JHONNATAN ACOSTA SÁNCHEZ – Médico y cirujano, especialista en Epidemiología.

Hablar de suicidio implica mirar más allá de las muertes. Detrás de cada una existe un fenómeno más amplio: personas que atraviesan crisis, intentos que requieren atención, familias afectadas y oportunidades de intervención que pueden aparecer antes de que la situación llegue a ese punto.

En 2025, hasta el 20 de septiembre, la Secretaría de Salud y Ambiente de Bucaramanga reportó 400 intentos de suicidio, con una incidencia de 64,1 casos por cada 100.000 habitantes. De estos, 230 correspondieron a mujeres y 170 a hombres. La mayor incidencia se presentó entre adolescentes y jóvenes, particularmente en el grupo de 15 a 19 años.

Entre las mujeres de 10 a 24 años se concentró, en promedio, el 65,3 % de los casos, mientras que las adolescentes de 15 a 19 años alcanzaron una incidencia de 343,2 casos por cada 100.000 mujeres. Estos datos permiten identificar grupos que requieren especial atención, aunque la conducta suicida puede presentarse en cualquier etapa de la vida.
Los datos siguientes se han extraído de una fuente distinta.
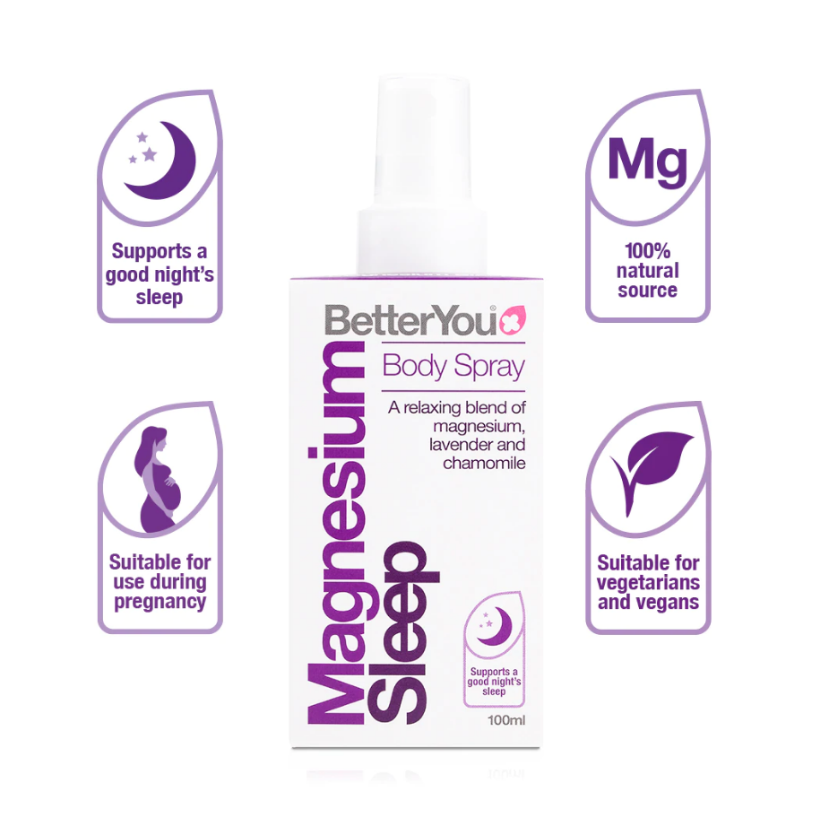- BetterYou Magnesium Sleep Body Spray kombiniert Zechstein-Magnesiumchlorid mit Lavendel und Kamille und fördert tiefe Entspannung, Wohlbefinden und natürlichen, ruhigen Schlaf.
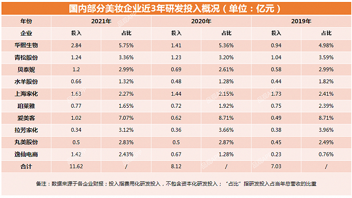 统计可知,2019年-2021年,上述10家美妆企业总研发投入分别为7.03亿、8.12亿和11.62亿。3年共投入26.77亿,累计增长65.29%。其中,2021年增速明显,同比增长43.1%。

Un fenómeno con múltiples factores

Los registros también muestran que no existe una única explicación para los intentos de suicidio. Durante 2025, los principales factores desencadenantes identificados en Bucaramanga fueron los problemas familiares, con 37,6 %; los conflictos de pareja o expareja, con 26,9 %; y los problemas económicos, con 7,7 %. También se registraron antecedentes de trastornos psiquiátricos, depresión y consumo de sustancias psicoactivas.

Estas circunstancias no deben interpretarse como causas aisladas. Una conducta suicida puede estar relacionada con la interacción de diferentes factores individuales, familiares y sociales. Por eso, la prevención requiere reconocer cambios en el comportamiento y atender oportunamente las situaciones que pueden aumentar la vulnerabilidad.

Magnific / VANGUARDIA
Magnific / VANGUARDIA

El panorama de 2026 mantiene la atención sobre la ciudad. A corte del 12 de agosto, el Sistema de Vigilancia en Salud Pública registraba 1.125 intentos de suicidio en Santander, de los cuales 506 correspondían a residentes de Bucaramanga. Le seguían Floridablanca, con 118; Piedecuesta, con 89; Barrancabermeja, con 81, y Girón, con 64.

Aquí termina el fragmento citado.